HR KPIs can help businesses leverage existing data, extract valuable insights, and create a plan. In this article, we are going to be talking about the ten key indicators that HR managers should take advantage of.
Table of Contents
What are recruiting KPIs?
Recruiting KPIs are metrics that help measure the effectiveness of the recruitment process. The KPIs leverage data to measure how far you are from reaching your hiring goals while guiding you to make strategic decisions that serve your business goals and objectives.
For instance, KPIs can guide you to channels that consistently offer high-quality candidates.
KPIs offer useful insights into the recruitment process.

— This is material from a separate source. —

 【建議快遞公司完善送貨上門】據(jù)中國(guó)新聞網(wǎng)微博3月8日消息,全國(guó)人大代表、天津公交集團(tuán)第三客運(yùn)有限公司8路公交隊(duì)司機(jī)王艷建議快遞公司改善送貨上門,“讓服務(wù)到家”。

You can get insights on how you can connect with the target audience, how candidates respond to interviews and assessments, how quickly you can fill up a specific role and more.
You can also look at the recruiting benchmarks and compare them to the previous year/month to gauge recruitment success.

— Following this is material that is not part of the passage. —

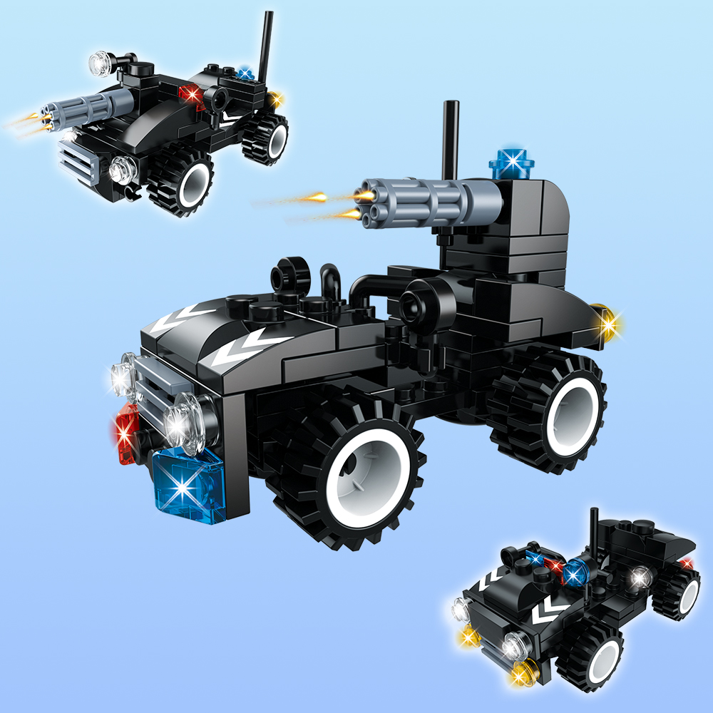 Штурмовой отряд был создан для решения сложных ситуаций в Plasy City - там где не справится обыкновенный патруль на помощь примчится штурмовой отряд! В отряде собраны восемь уникальных штурмовых техник, каждая из которой умеет меняться под разную историю вашего остросюжетного приключения. А если собрать всю команду из восьми моделей Штурмового отряда, то можно создать БОЕВОЙ ГРУЗОВИК, который не одолеть ни одному негодяю вставшему на вашем пути!

Characteristics of good recruiting KPIs
In a 2009 paper, Eckerson describes a number of characteristics of “good” KPIs.
- Sparse: Focus on the essential ones and leave the rest out. The general rule remains: the fewer, the better.
- Drillable: You should be able to drill into detail. Why aren’t we meeting our recruitment cost target? What groups are the costliest to recruit? By drilling down you can more easily predict your future success and see where progress is lacking.
- Simple: Users need to understand the KPI. If it’s not simple, it’s hard to communicate and focus on.
- Actionable: The reason why HR only focuses on KPIs related to HR outcomes is that they can influence these. HR is not responsible for revenue or sales success. Only focus on the KPIs which outcomes you can affect.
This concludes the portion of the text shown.